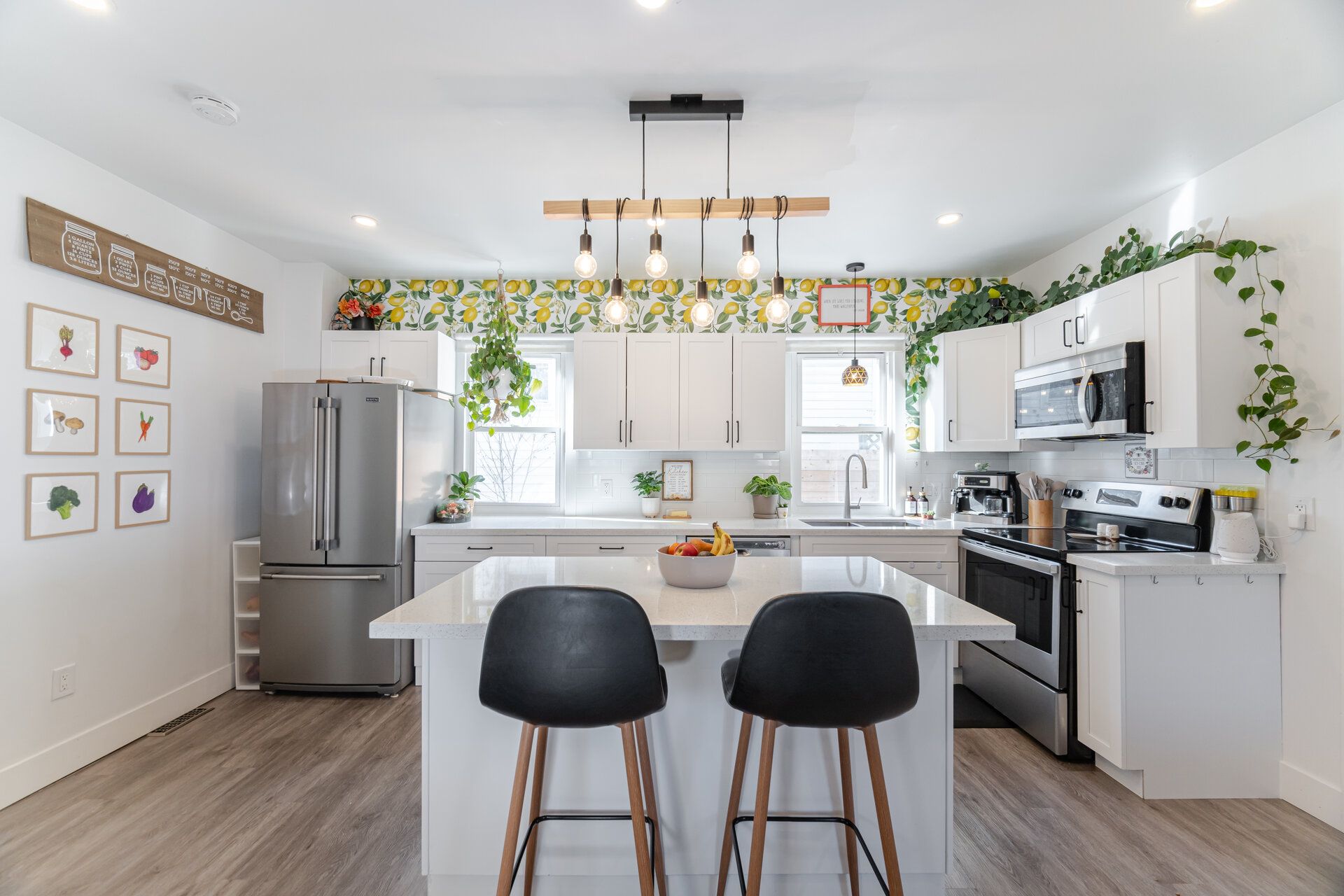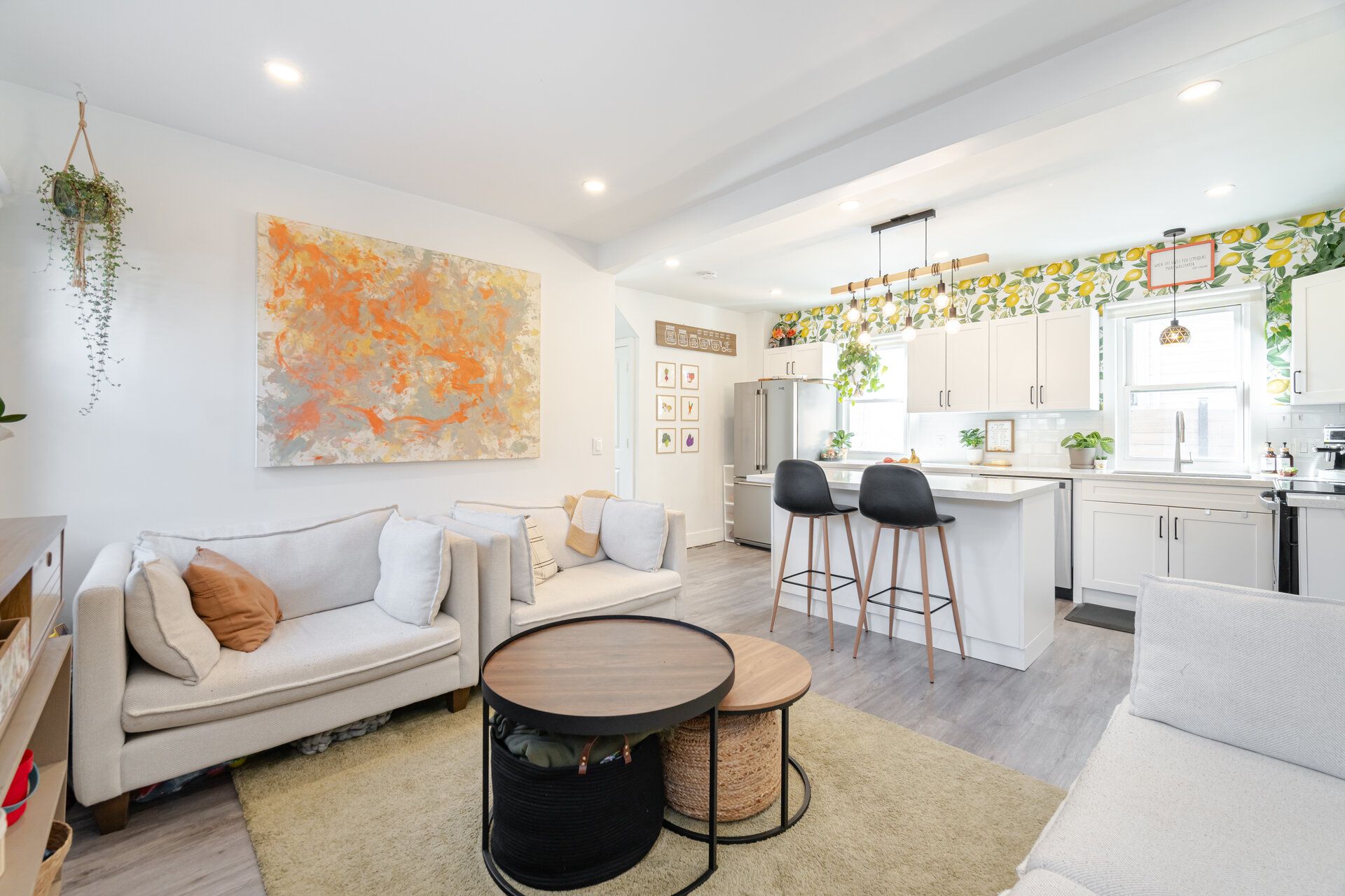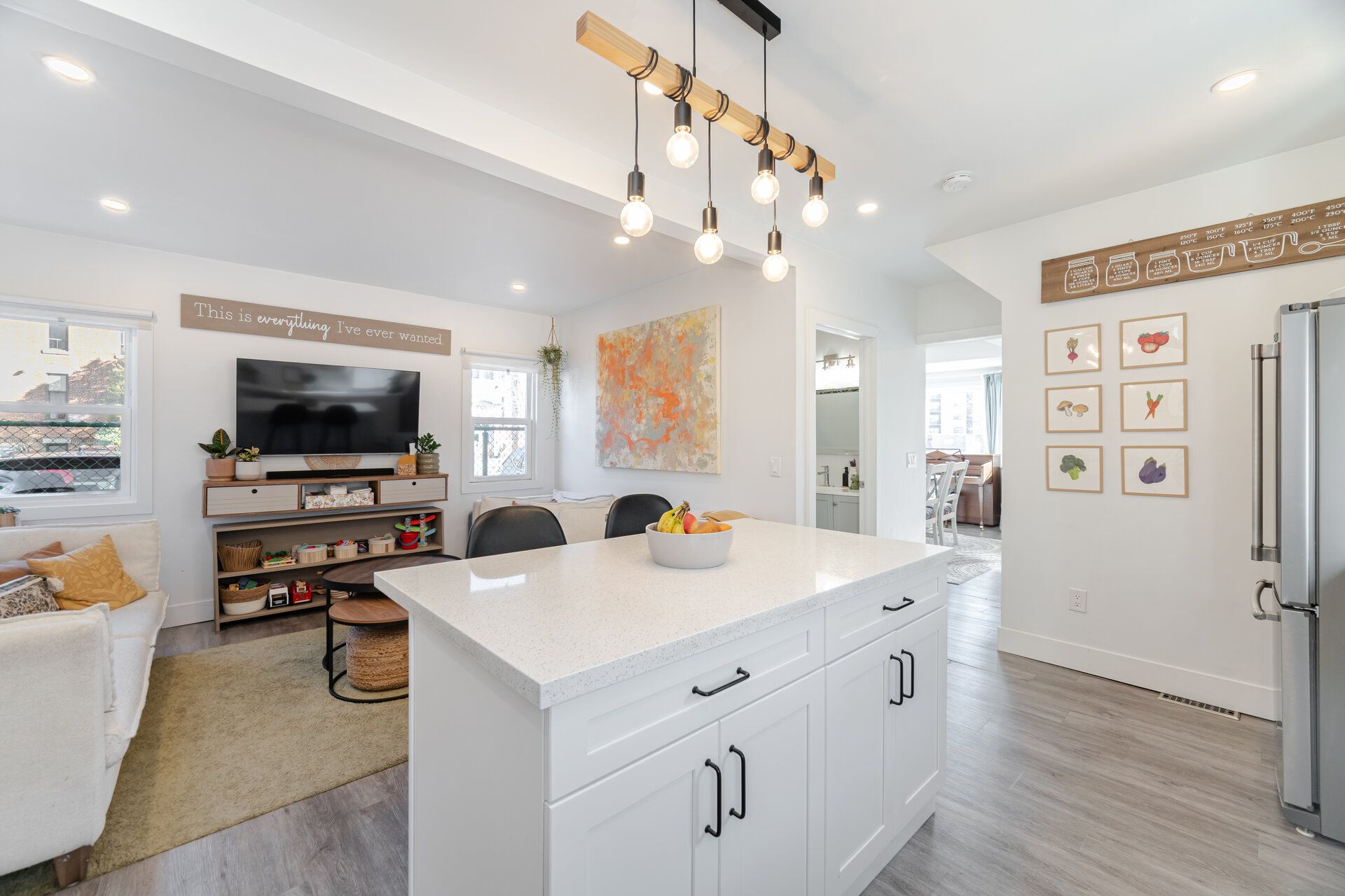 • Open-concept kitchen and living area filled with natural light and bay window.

☆ ☆ ☆ ☆ ☆

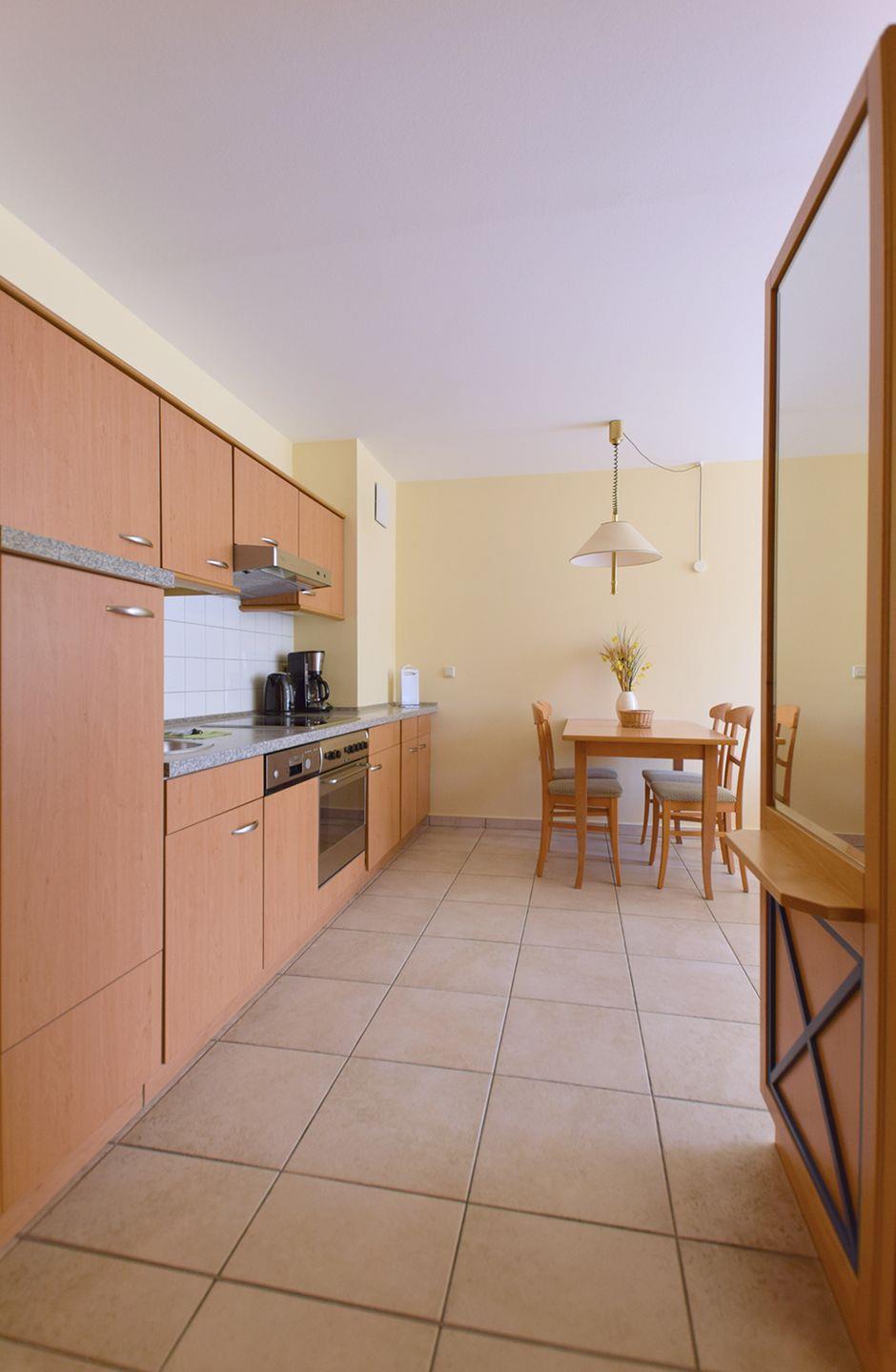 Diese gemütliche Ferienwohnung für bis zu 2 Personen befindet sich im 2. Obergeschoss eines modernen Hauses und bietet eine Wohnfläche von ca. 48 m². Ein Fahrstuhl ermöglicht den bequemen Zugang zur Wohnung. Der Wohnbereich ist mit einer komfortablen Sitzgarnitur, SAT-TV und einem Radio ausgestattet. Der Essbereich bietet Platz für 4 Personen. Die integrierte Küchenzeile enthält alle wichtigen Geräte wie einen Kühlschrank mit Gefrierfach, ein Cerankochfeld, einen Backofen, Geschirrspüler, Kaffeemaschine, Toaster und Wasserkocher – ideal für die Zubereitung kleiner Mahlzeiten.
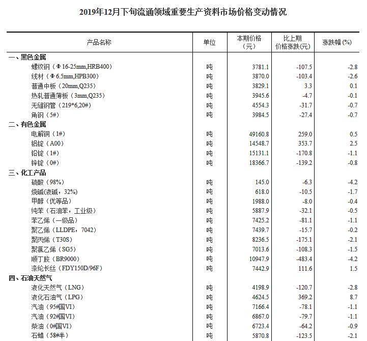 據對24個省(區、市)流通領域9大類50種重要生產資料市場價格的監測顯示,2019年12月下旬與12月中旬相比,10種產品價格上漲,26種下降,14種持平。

☆ ☆ ☆ ☆ ☆

### WHAT TO PRODUCE
Only one part of the material above is wanted: the lines from the one with "Diese gemütliche Ferienwohnung" up to and including the one with "據對24個省(區、市)流通領". Please copy them exactly, pictures left out.

### ANSWER SECTION
 Diese gemütliche Ferienwohnung für bis zu 2 Personen befindet sich im 2. Obergeschoss eines modernen Hauses und bietet eine Wohnfläche von ca. 48 m². Ein Fahrstuhl ermöglicht den bequemen Zugang zur Wohnung. Der Wohnbereich ist mit einer komfortablen Sitzgarnitur, SAT-TV und einem Radio ausgestattet. Der Essbereich bietet Platz für 4 Personen. Die integrierte Küchenzeile enthält alle wichtigen Geräte wie einen Kühlschrank mit Gefrierfach, ein Cerankochfeld, einen Backofen, Geschirrspüler, Kaffeemaschine, Toaster und Wasserkocher – ideal für die Zubereitung kleiner Mahlzeiten.
 據對24個省(區、市)流通領域9大類50種重要生產資料市場價格的監測顯示,2019年12月下旬與12月中旬相比,10種產品價格上漲,26種下降,14種持平。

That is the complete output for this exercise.